Based on these results, the researchers concluded, “This systematic evaluation of exercise tolerance across a range of severe work intensities demonstrated a significant increase in time to fatigue at 80% Pmax and subsequent increase in critical power (CP) with oral NAC supplementation, which was accompanied by a tendency for changes in electromyographic responses, but not in VO2 kinetics. This degree of improvement in CP and thus on time to fatigue seen in this study, while deceptively small, could have dramatic effects in athletic competition as well as in patient populations.”
Other NAC studies have reported improvements in exercise capacity in different populations, including those undergoing respiratory rehabilitation at 1,200mg/day and healthy, recreationally active adults at 1,800mg/day. Another recent study showed NAC supplementation reduced muscle soreness associated with exercise at 750mg/day in healthy, recreationally active adults.

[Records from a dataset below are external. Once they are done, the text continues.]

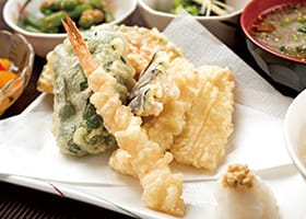 ごはん、天ぷら、酢物、なめこ汁、小鉢、おしんこ、フルーツ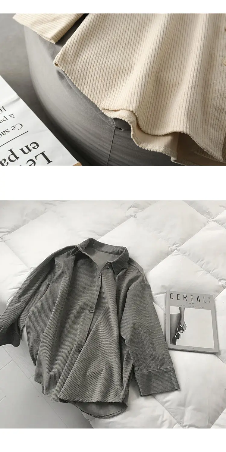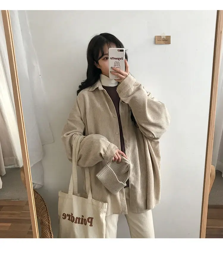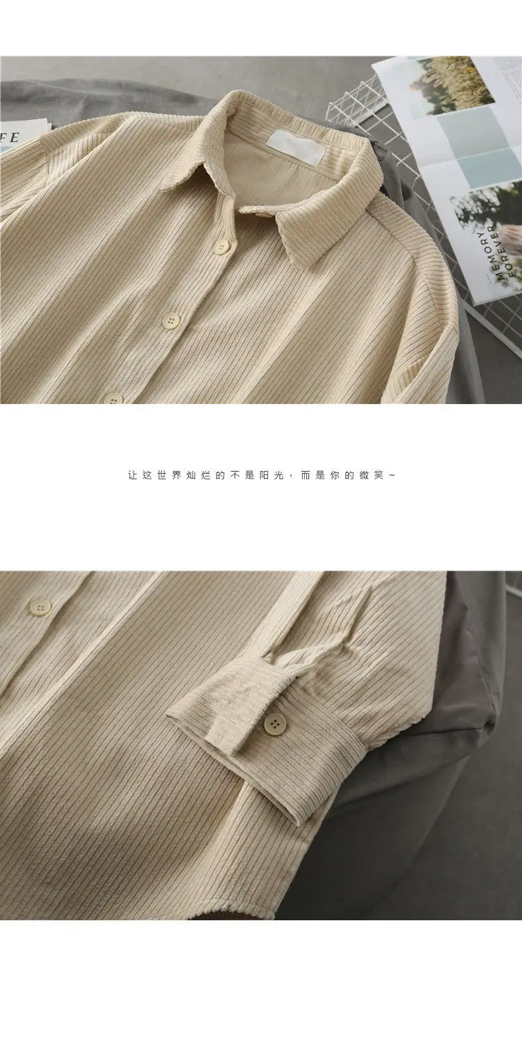 Sleeve Style:Regular灯芯绒外套长袖秋季日系ulzzang迷鬼马系少女慵懒2020宽松衬衫女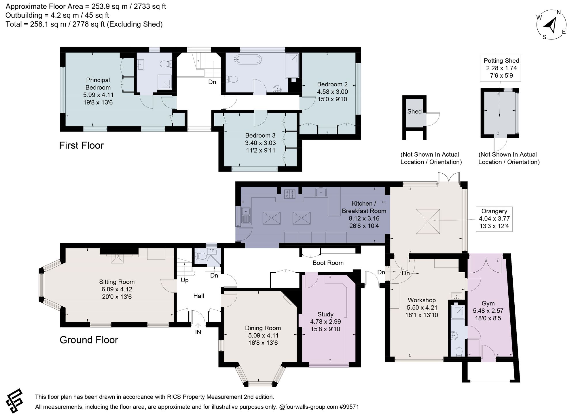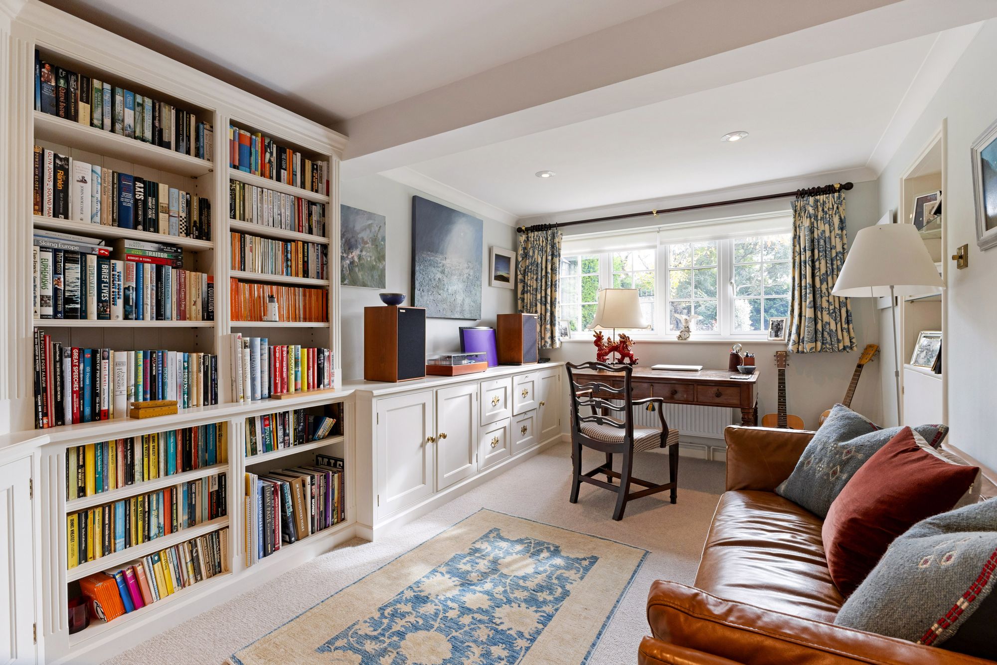 Additional ground-floor accommodation includes a dedicated study with bespoke built-in bookcases and cabinetry, ideal for home working. A utility and workshop area leads through to a thoughtfully converted section of the garage, now arranged as a home gym with the benefit of an adjoining shower room.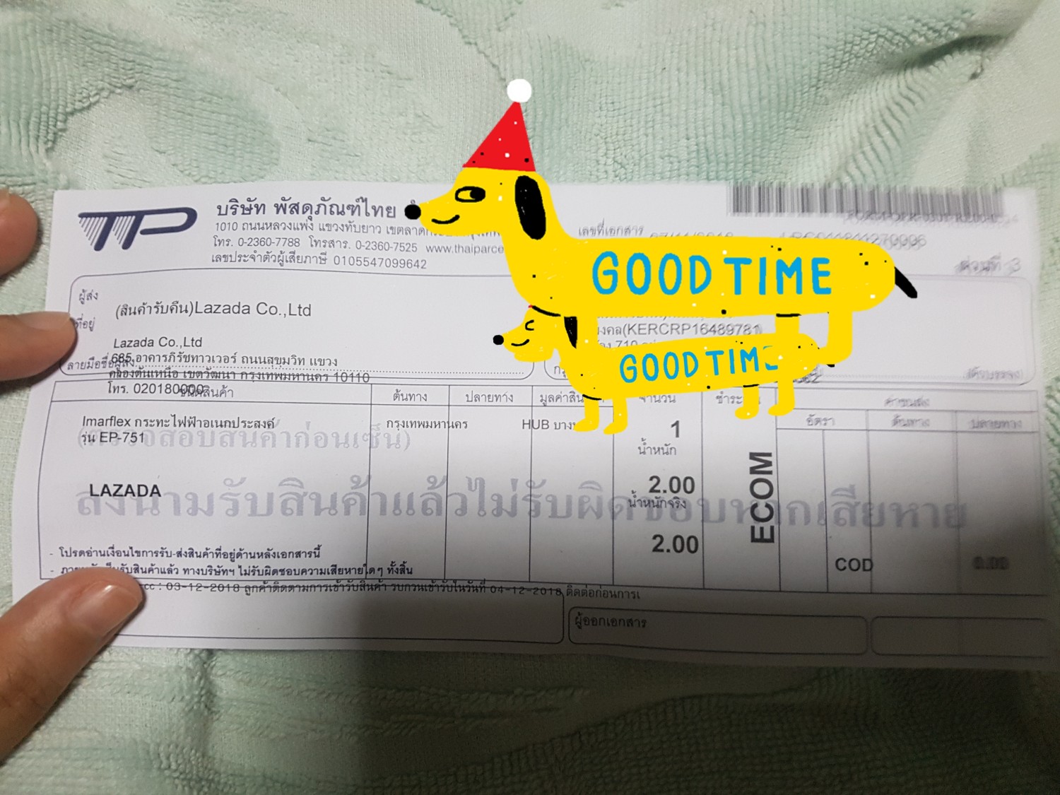 -และ cs บอกให้เราส่งทางไปรษณีย์ แบบems เราก็ไปส่ง ก็ไม่สามารถส่งได้เนื่องจากขนาดสินค้าใหญ่เกินไป เราก็ติดต่อไปหา cs อีกครั้งว่าจะเอาไง ในวันที่ 27 พ.ย.ที่ผ่านมา เขาบอกจะดำเนินเรื่องให้ จนผ่านมาวันที่ 3ธ.ค. เราก็ติดต่อไป ถึงได้ทราบว่า cs เพิ่งดำเนินเรื่องให้จริงๆวันนั้น จนวันที่ 4 เจ้าหน้าที้มารับของ

Choosing Your NAC Supplement
When looking for a NAC dietary supplement, we recommend starting with a dosage level closer to these latter three studies (between 750mg per day and 1,800mg per day) rather than the much larger dosage used in the initial study discussed in this article. While none of the subjects in the larger dosage study reported an adverse reaction, efficacy has been seen in the other studies at much lower dosages, and from a conservative standpoint is a better place to start in our opinion.
NAC is widely available online or in retail outlets as a stand-alone dietary supplement in dosage levels ranging from 600mg/day up to 2,000mg/day. The average cost per 30-day supply bottle of NAC ranges from $10-$20 depending on the dosage and brand purchased.
 Corn SD, et al. Effects of oral N-acetylcysteine on fatigue, critical power, and W’ in exercising humans. Respir Physiol & Neurobiol. 2011 June 29. [Epub ahead of print.]
 Stav D, et al. Effect of N-acetylcysteine on air trapping in COPD: a randomized placebo-controlled study. Chest. 2009 August; 136(2): 381-386.
 Kelly MK, et al. Effects of N-acetylcysteine on respiratory muscle fatigue during heavy exercise. Respir Physiol Neurobiol. 2009 Jan 1; 165(1): 67-72.
 Silva LA, et al. N-acetylcysteine supplementation and oxidative damage and inflammatory response after eccentric exercise. Int J Sport Nutr Exerc Metab. 2008 Aug; 18(4): 379-388.